Your response should consist of the entries below, reproduced exactly and without their images.

===============

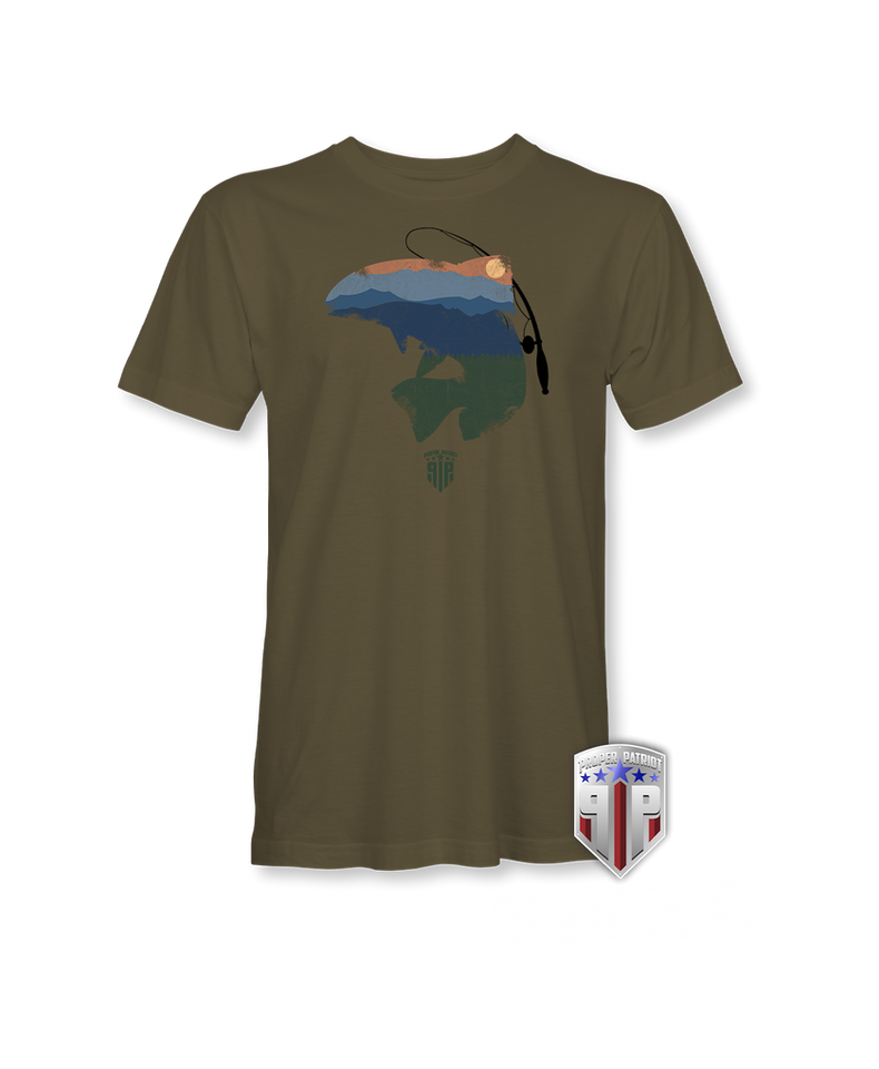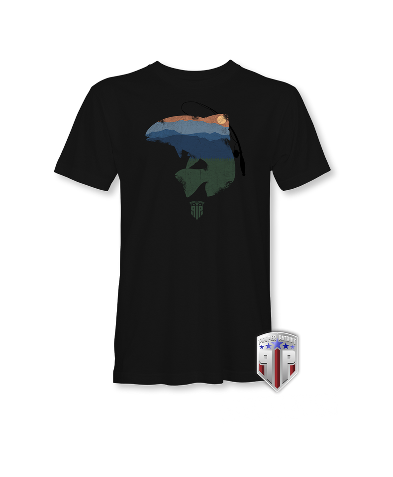 Trout Fishing Shirt - Mountain Sunset - Great Outdoors - Patriotic Shirts for Me
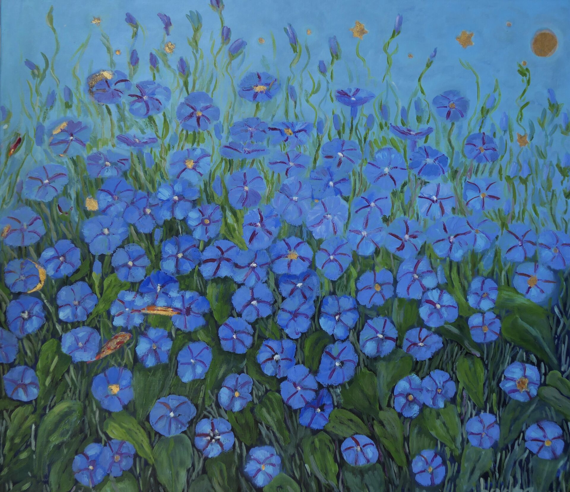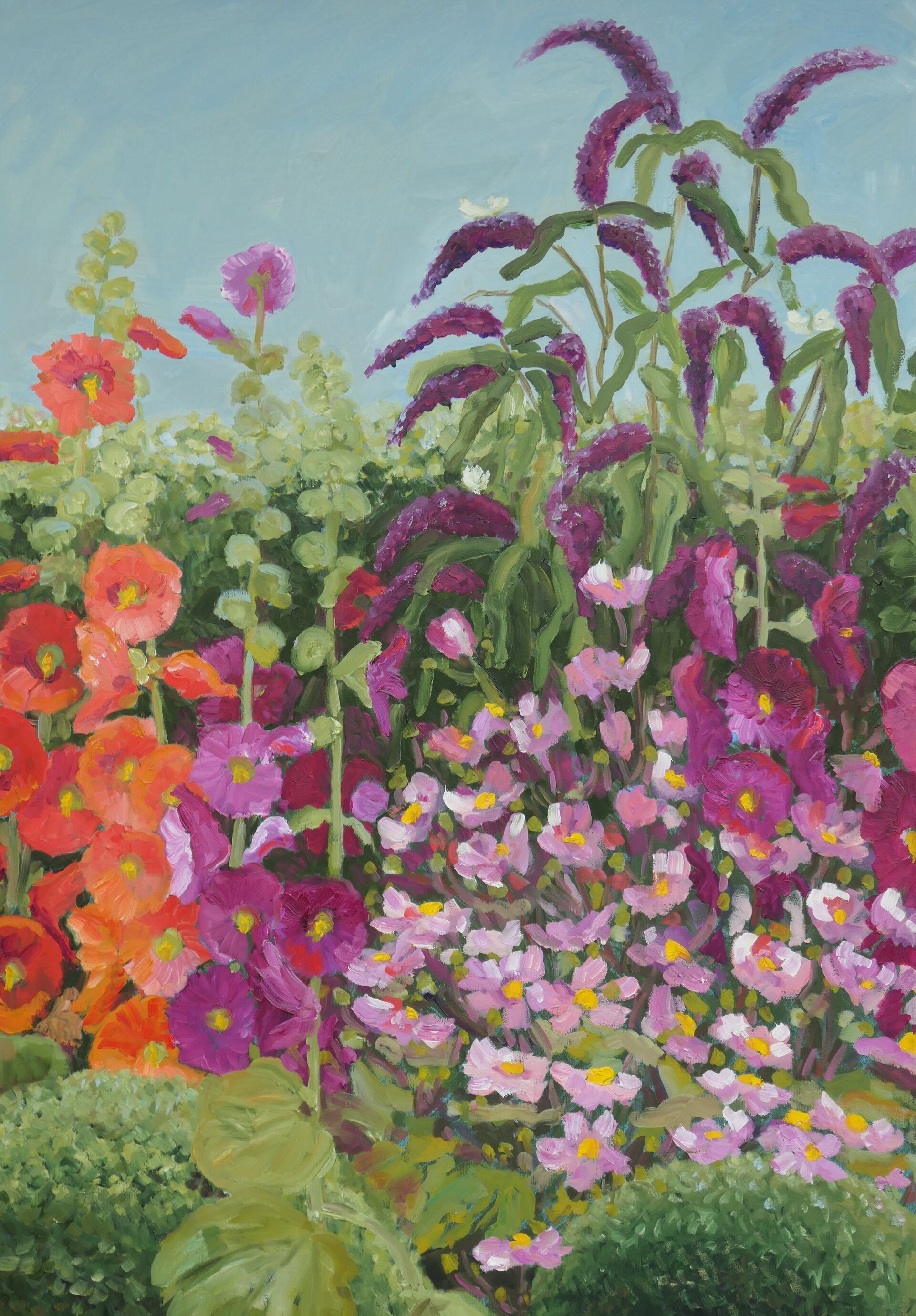 Stockrosen Öl auf Leinwand 100 cm x 100 cm
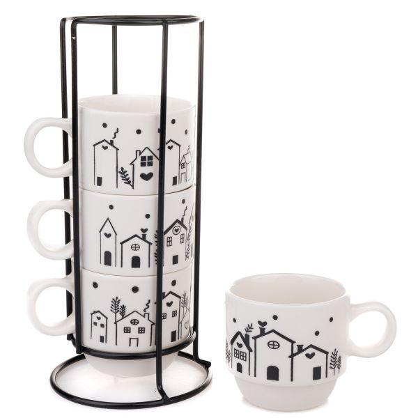 Kubek porcelanowy w metalowym stojaku - zestaw 4 szt, 160ml, 1/16
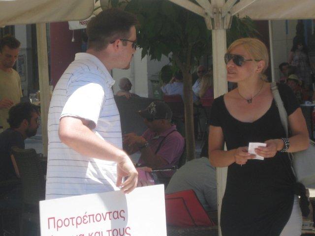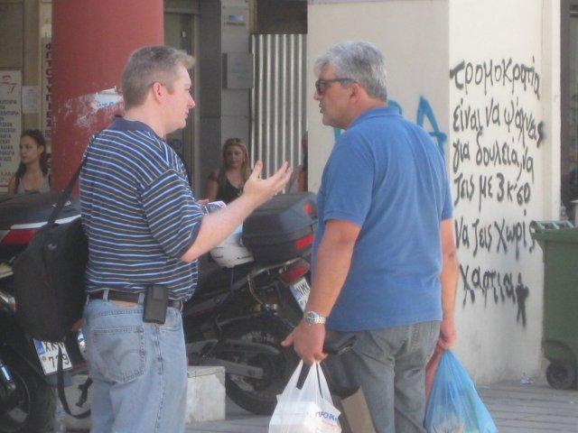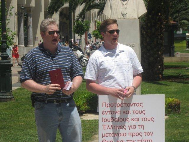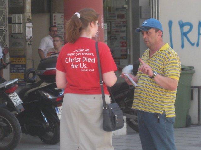 A new wrinkle has emerged in this work. Since we first hit the streets here we have been confused by our encounters with those who attend the Evangelical Church, as it seems almost all of them lack any real understanding of salvation. The man photographed below cleared things up a bit. The man believed he was born again when he was baptized as a child. He said there were thousands of evangelicals like him in Thessalonica and that because they were baptized in an evangelical church they were saved and were like us. Another soon came along with a similar lack-of-testimony.
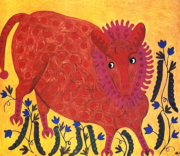 http://www.ukrkolo.com/prymachenko/mpwg42.htm Примаченко. Гороховый зверь. 1977. И вот Савадов, - ожидаю, что издевки ради (нет же святого! Нет сочувствия к больной женщине, к способу её спасения проживания страшной для неё жизни), - помещает этого горохового зверя у себя на картине:

===============

▶ **REPLY**:
 Trout Fishing Shirt - Mountain Sunset - Great Outdoors - Patriotic Shirts for Me
 Stockrosen Öl auf Leinwand 100 cm x 100 cm
 Kubek porcelanowy w metalowym stojaku - zestaw 4 szt, 160ml, 1/16
 A new wrinkle has emerged in this work. Since we first hit the streets here we have been confused by our encounters with those who attend the Evangelical Church, as it seems almost all of them lack any real understanding of salvation. The man photographed below cleared things up a bit. The man believed he was born again when he was baptized as a child. He said there were thousands of evangelicals like him in Thessalonica and that because they were baptized in an evangelical church they were saved and were like us. Another soon came along with a similar lack-of-testimony.
 http://www.ukrkolo.com/prymachenko/mpwg42.htm Примаченко. Гороховый зверь. 1977. И вот Савадов, - ожидаю, что издевки ради (нет же святого! Нет сочувствия к больной женщине, к способу её спасения проживания страшной для неё жизни), - помещает этого горохового зверя у себя на картине:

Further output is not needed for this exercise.